This is homework so no answers please
Problem: Find distribution of $(B_{1}(T_{a}),B_{2}(T_{a}))$, where $T_{a}=inf_{t\geq 0}\{B_{2}(t)=a\}$
Any mistakes:
$T_{a}=inf_{t\geq 0}\{B_{2}(t)=a\}$ has distribution $p_{T(a)}(s):= \frac{a}{\sqrt{2\pi s^{3}}}e^{-\frac{a^{2}}{2s}}$ (shown before) and so all we need is $B_{1}(T_{a})$.
Since the Brownian motion's coordinates are independent,the stopping time $T_{a}$ is independent of $B_{1}(t)$ and so the density of $B_{1}(T_{a})$ will only depend on the y-variable.

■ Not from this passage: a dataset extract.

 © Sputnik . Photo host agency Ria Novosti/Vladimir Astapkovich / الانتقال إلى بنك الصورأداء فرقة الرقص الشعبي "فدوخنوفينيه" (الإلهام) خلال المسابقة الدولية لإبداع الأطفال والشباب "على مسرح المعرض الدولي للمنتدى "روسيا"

$p_{B_{1}(T_{a}) }(y)=\int_{0}^{\infty}p_{T(a)}(s)p_{B_{1}}(y,s)ds=\int_{0}^{\infty}\frac{a}{\sqrt{2\pi s^{3}}}e^{-\frac{a^{2}}{2s}}\frac{1}{\sqrt{2\pi s}}e^{-\frac{y^{2}}{2s}}ds=$
$\stackrel{u=\frac{a^{2}+y^{2}}{2s}}{=}\frac{a}{\pi}\int_{0}^{\infty}\frac{e^{-u}}{a^{2}+y^{2}}du=\frac{a}{\pi(a^{2}+y^{2})}$.
Then for $(B_{1}(T_{a}),B_{2}(T_{a}))$ the joint distribution will be:...

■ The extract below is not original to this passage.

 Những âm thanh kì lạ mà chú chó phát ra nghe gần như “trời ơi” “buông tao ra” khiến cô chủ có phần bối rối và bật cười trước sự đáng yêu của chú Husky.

That takes some thought because the coordinates are not independent and so ,I think, there is not a unique choice for a joint distribution. Right?
By definition, $B_2(T_a)=a$ almost surely hence $(B_1(T_a),B_2(T_a))$ is on the line $D_a=\mathbb R\times\{a\}$ almost surely. Since $\mathrm{Leb}_2(D_a)=0$, the distribution of $(B_1(T_a),B_2(T_a))$ has no density (with respect to $\mathrm{Leb}_2$).
Note that $B_1(T_a)$ and $B_2(T_a)$ are independent since, once again, $B_2(T_a)=a$ almost surely and almost surely constant random variables are independent of everything.